START Record excerpts

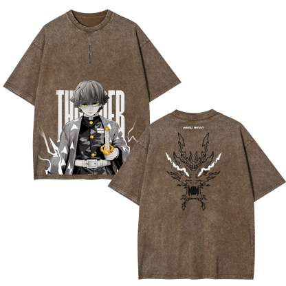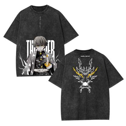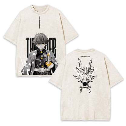 ZENITSU DEMON SLAYER UNISEX WASHED T-SHIRT-[DS]
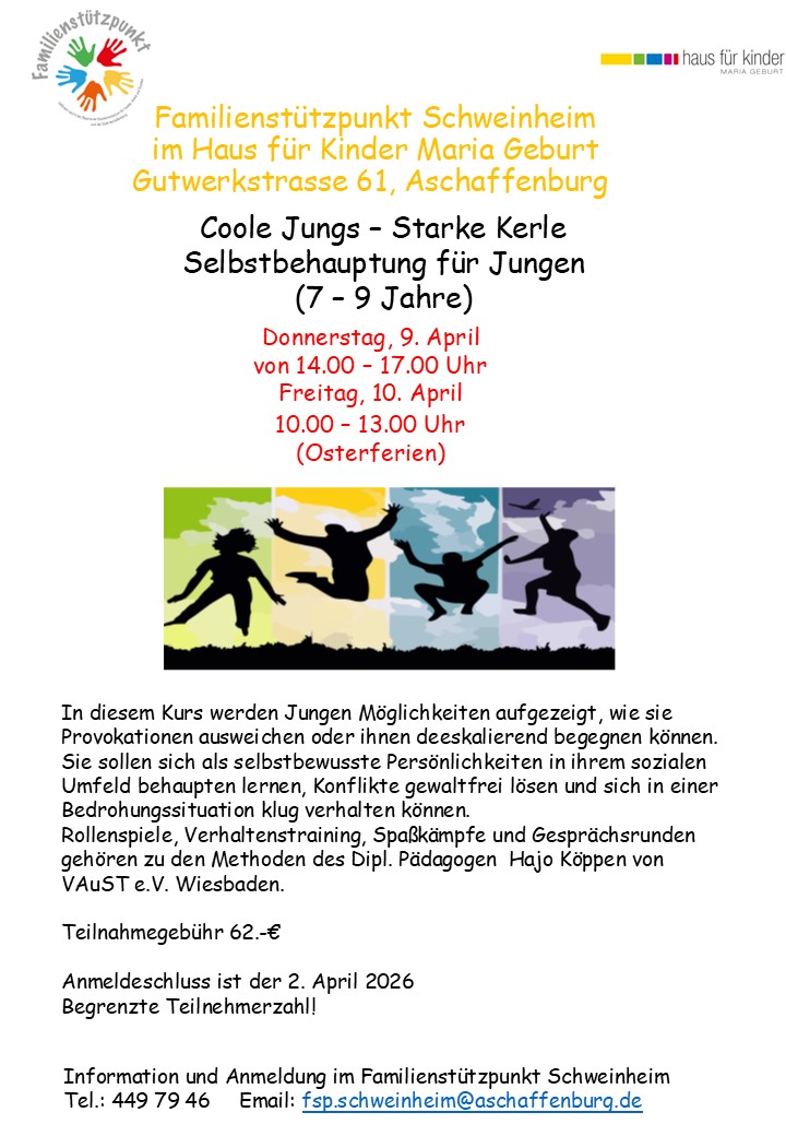 09Apr14:0017:00Coole Jungs - Starke KerleSelbstbehauptungskurs für Jungen von 7 - 9 Jahren in den Osterferien14:00 - 17:00(GMT+02:00)
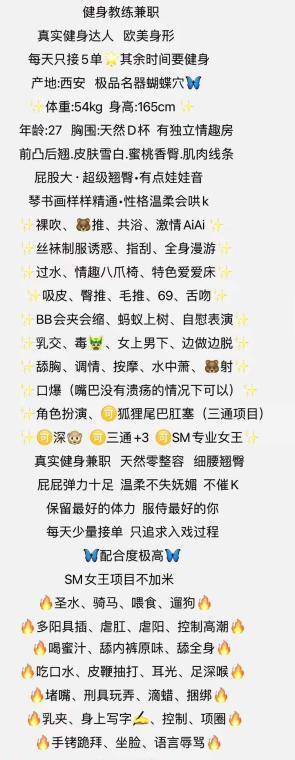 辣辣健身教练,蜜桃臀很大,假期终于约到了一次,大屁股控最爱了,玩了个包时套餐1800玩两个小时随意射,磨棒舒服的射了一次,女上位后入看着那大屁股形变加上小姐姐的叫声,真的太销魂了,有kiss有69、磨棒丝袜,舌吻可以吃个够,单约一次是800,包夜3000。
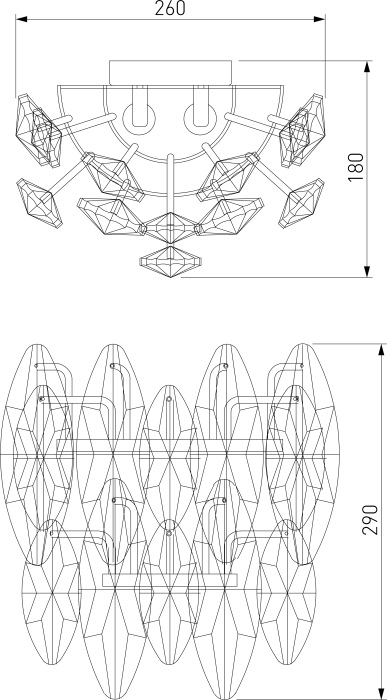 Осветительный прибор разработан в стиле Арт-Деко. Применяются лампочки цоколя E14 мощностью 80 Вт, в количестве 2 ед.
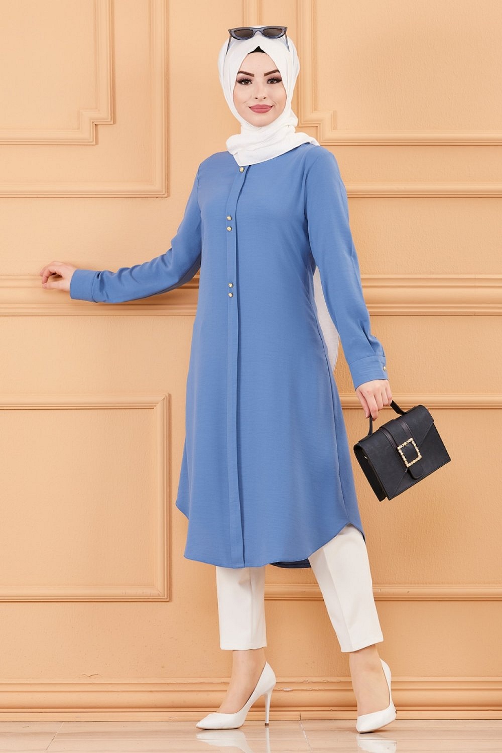 Tunique longue evasee boutonnee pour femme (Vetement style habille pour hijab) - Couleur bleu indigo

END Record excerpts

All of the entries, apart from the pictures, must be returned exactly.

 ZENITSU DEMON SLAYER UNISEX WASHED T-SHIRT-[DS]
 09Apr14:0017:00Coole Jungs - Starke KerleSelbstbehauptungskurs für Jungen von 7 - 9 Jahren in den Osterferien14:00 - 17:00(GMT+02:00)
 辣辣健身教练,蜜桃臀很大,假期终于约到了一次,大屁股控最爱了,玩了个包时套餐1800玩两个小时随意射,磨棒舒服的射了一次,女上位后入看着那大屁股形变加上小姐姐的叫声,真的太销魂了,有kiss有69、磨棒丝袜,舌吻可以吃个够,单约一次是800,包夜3000。
 Осветительный прибор разработан в стиле Арт-Деко. Применяются лампочки цоколя E14 мощностью 80 Вт, в количестве 2 ед.
 Tunique longue evasee boutonnee pour femme (Vetement style habille pour hijab) - Couleur bleu indigo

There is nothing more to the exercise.